Movie Review: “Three Billboards Outside Ebbing, Missouri” Is Darkly Comedic, Terribly Tragic

“It’s a mélange of human emotions and we’re treated to each and every one multiple times.”


 

In this darkly comic drama, a mother personally challenges the local authorities to solve her daughter’s murder, when they fail to catch the culprit.

Martin McDonagh has constantly impressed me with his potent mix of tragic plotting, dark comedy, and human emotions. Each of his three films (and his stage plays if I read correctly), incorporate each of those elements to varying degrees. “In Bruges” was like 40% dark comedy, 40% tragic plotting, and 20% human emotions. “Seven Psychopaths” runs more like 40% dark comedy, 40% human emotions, and 20% tragic plotting. “Three Billboards” leans in the other direction: 40% human emotions, 40% tragic plotting, and 20% dark comedy. His mundane approach to violence, dragging the ugly along with the beauty, has always whet my appetite for something distinct in cinema. This time we see him narrow in on the human experience and reward us as an audience.

McDonagh’s scripts offer cohesive logic fused with human emotion so that fantastic actors like Frances McDormand, Woody Harrelson, Sam Rockwell, and even Peter Dinklage get to show off. Man oh man what a cast too. Nobody fails. Some stars shine brighter than others but each actor leaves a distinct mark on this story impressing you with not just some caricature filling in your clichéd backwater town but real human emotion. A mother whose raw anger forms itself in the titular billboards is just as vile as she is hurt. A sheriff loved by all, faces criticism in his final month of living, measuring his successes and failures. Finally, an insecure manchild searching for approval lashing out with his authority as a local police officer pushed to grow.

This movie shows us characters we relate to in equal measures at different times and takes some of them to their utmost limits. The beauty in McDonagh’s film is that, even as we watch everyone descend into violent and chaotic actions, they grow and learn until we’re left with two unlikely characters getting in the car together to kill someone they don’t even know.

It’s this same plotting that drags “Three Billboards” by the end. Roughly twenty minutes too long and the entire film starts to drag. A LOT happens during the runtime of the film. Don’t get me wrong! I love the tension ratcheted through each scene as characters collide off each other either destroying or affirming one another. It’s a mélange of human emotions and we’re treated to each and every one multiple times. McDonagh probably loaded up a little too much at the buffet.

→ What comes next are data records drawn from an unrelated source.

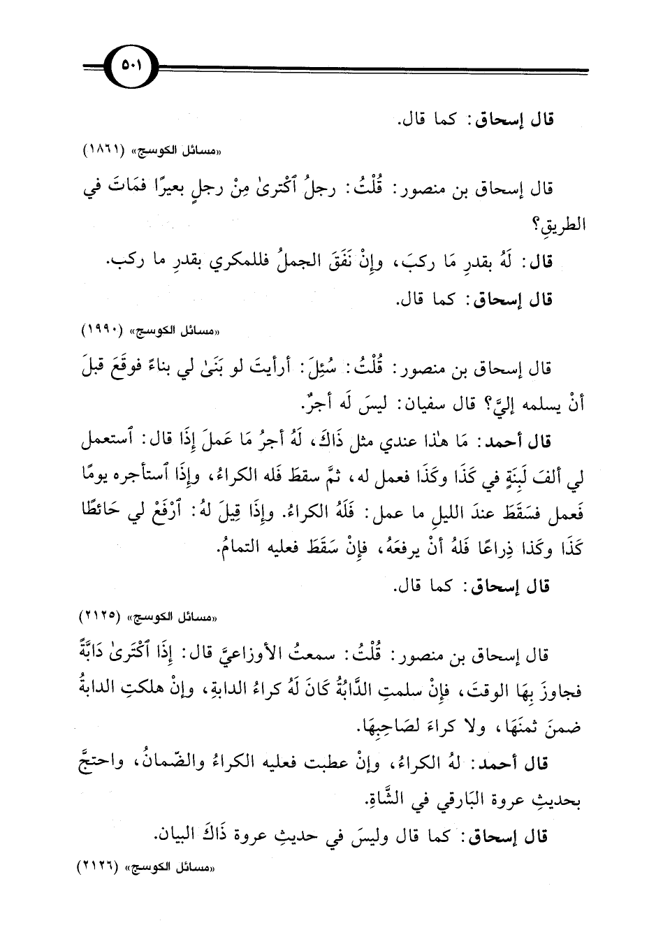 قال إسحاق بن منصور: قُلْتُ: رجلُ اكْترى مِنْ رجلٍ بعيرًا فمَاتَ في الطريقِ؟
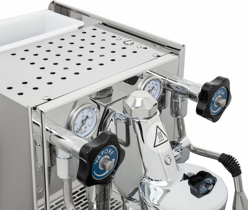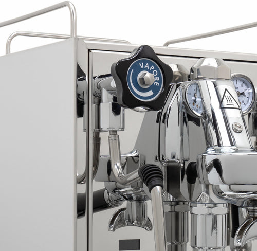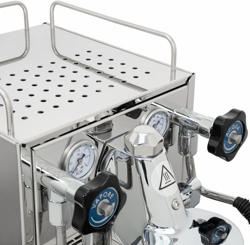Attention to detail extends to the user experience, with two ergonomically designed portafilters featuring a weight-balanced shape and angled grip. The removable cup warming tray allows easy access to the generous 2.8-litre water tank. For those who like to fine-tune their espresso, the machine offers easy access to the expansion valve for individual brew pressure adjustment.
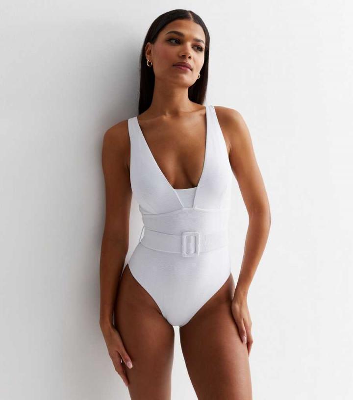 Swimwear & Beachwear | New Look Womens White Textured Belted Swimsuit
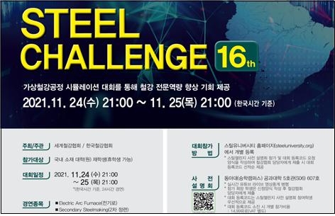 금년(16회)도 스틸챌린지 대회는 11월 24일 오후 9시부터 25일 오후 9시까지 24시간동안 진행된다. 올해 경연공정은 2차 정련(Secondary Steelmaking)과 전기로(Electric Arc Furnace)이다.
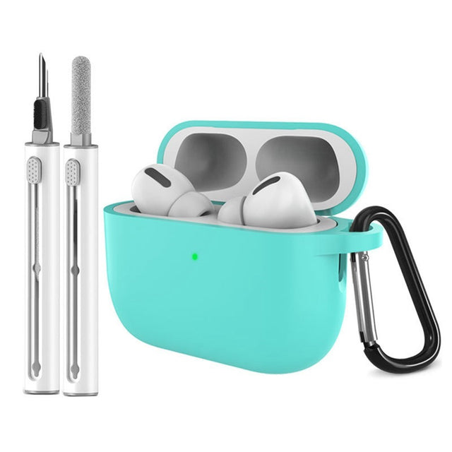 Silikone Cover til Apple AirPods Pro (3. gen.) - Karabinhage & Rengøringspen - Mint Green
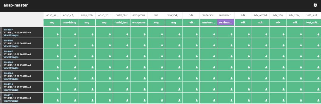 该持续集成仪表板当前包含 AOSP_ARM64、build_test、NDK 和 SDK 等部分。地址:
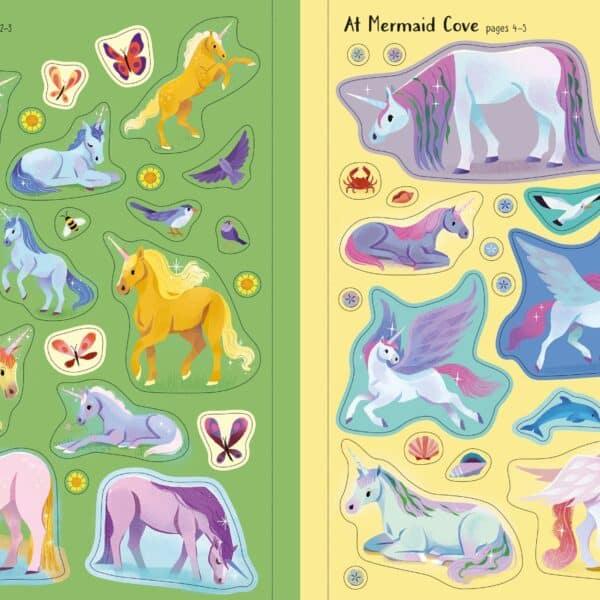 First Sticker Book Unicornseste mai mult decat o simpla carte, este o calatorie in regatul unde totul este posibil, unde copiii pot zbura pe spatele unicornilor printr-un cer de curcubeie si stele sclipitoare, descoperind noi teritorii pline de culoare si lumina.
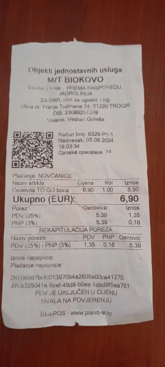 Ekipu na Facebooku šokirala je gospođa koja je objavila račun za Cedevitu u plastičnoj bočici. Cedevitu je, kaže, kupila na trajektu Šolta - Split i platila je - 6.90 eura.
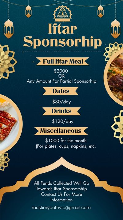To donate, an etransfer can be sent to muslimyouthvic@gmail.com or you can use the donation form below. Please include the note "For Iftar sponsorship" in the message box. Donations towards iftars can also be given directly to Sheikh Younus, Ayman Hammado, or Abdullah Kathrada.
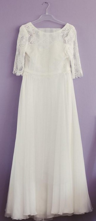 Góra sukni wykonana z bawełnianej koronki we wzory geometryczne. Wszyty jest cienki gorset, kształtujący biust i brzuch, jednak nie krępujący ruchów. Tył sukienki ma wycięciem w kształcie litery V eksponującym plecy, rękawy do łokci. Dół sukienki z lekkich materiałów; miękka satyna, muślin, jedwab.

Ignoring the densely packed story it’s wonderfully shot. They make North Carolina look like any middle-of-nowhere town between the West and East coast. As much as McDonagh highlighted the beauty of Bruges in his previous film, he highlights the beauty of a small town nestled among rolling hills, even indulging in shots of Frances McDormand talking to a deer. Just as much as they display the beauty of the surroundings neither do they shy away from the ugliness of violence. In a particularly gruesome shot, Sam Rockwell pistol whips a guy, punches him, throws him out a window, and then clocks the secretary for screaming at him. It’s not pretty and the audience audibly ‘oohed’ when it happened.

If you’ve seen either of McDonagh’s works before then you know what to expect. If anything, I’d say this new film is more sympathetic towards all of its characters, asking us to see the goodness of each character as much as we see their darkness. McDonagh takes us from one extreme to another; from beautiful landscapes to violent fist fights; from high brow operatic vocals to hill country folk; from good to bad all over the course of the movie. It’s going to be a ridiculously hard movie to sell (dark comedies don’t always find their audience) but I can’t help but recommend it to everyone.

Considering how far Frances McDormand goes to receive one iota of justice in this world, we could learn a thing or two. Even better, McDonagh leaves us to make our own conclusions about the characters in his film but I like to think if a racist cop and a hurting mother can find common grounds for forgiveness, then there’s room in all of us for forgiveness. That’s just the optimist in me speaking. Please go see this movie in theaters.